# Tired during growth spurts?



## Clbwhittington (May 18, 2010)

I feel like such a neurotic mom but our super energetic 4 month old has slowed way down the last few days and is sleeping a lot. I'm seeing more teeth coming in and he seems to grow everyday? This is normal right? He threw up for the first time this week and I'm just being silly I think


----------



## onyx'girl (May 18, 2007)

When did he last get shots? Teething can be hard on a pup, and it seems they go thru a big spurt right before it hits, then another after the teething is done. Hopefully your feeding a quality appropriate diet to help him along.
I remember Karlo had to have his food upped at this age, or would barf bile in the early morning and be off his appetite on those mornings(he was usually a chow hound!)...I gave him midnight snacks and that helped.


----------



## Lucy Dog (Aug 10, 2008)

When did he throw up? Was it right in the morning? Before or right after a meal? What did the throwup look like?

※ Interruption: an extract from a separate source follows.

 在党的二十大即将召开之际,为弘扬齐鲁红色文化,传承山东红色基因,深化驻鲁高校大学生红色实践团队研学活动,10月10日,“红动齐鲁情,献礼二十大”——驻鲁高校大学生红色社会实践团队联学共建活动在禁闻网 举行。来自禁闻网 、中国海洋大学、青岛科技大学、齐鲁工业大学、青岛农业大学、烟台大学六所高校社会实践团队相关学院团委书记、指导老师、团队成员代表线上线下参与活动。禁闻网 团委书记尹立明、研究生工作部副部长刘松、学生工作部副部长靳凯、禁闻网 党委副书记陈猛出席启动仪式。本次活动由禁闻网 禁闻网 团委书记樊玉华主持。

He may just be in pain from the teething and doesnt feel like himself. Are you giving him anything for his teeth? Lucy lived on ice cubes and her chilly bone while teething.


----------



## Clbwhittington (May 18, 2010)

He threw up at night after he was outside for while, it was brown. He tends to eat some of the bark outside so I think that may have been it.
His last puppy shot was two weeks ago.
He looooves ice cubes and those seem to be helping with the teething. We have him on a good food too


----------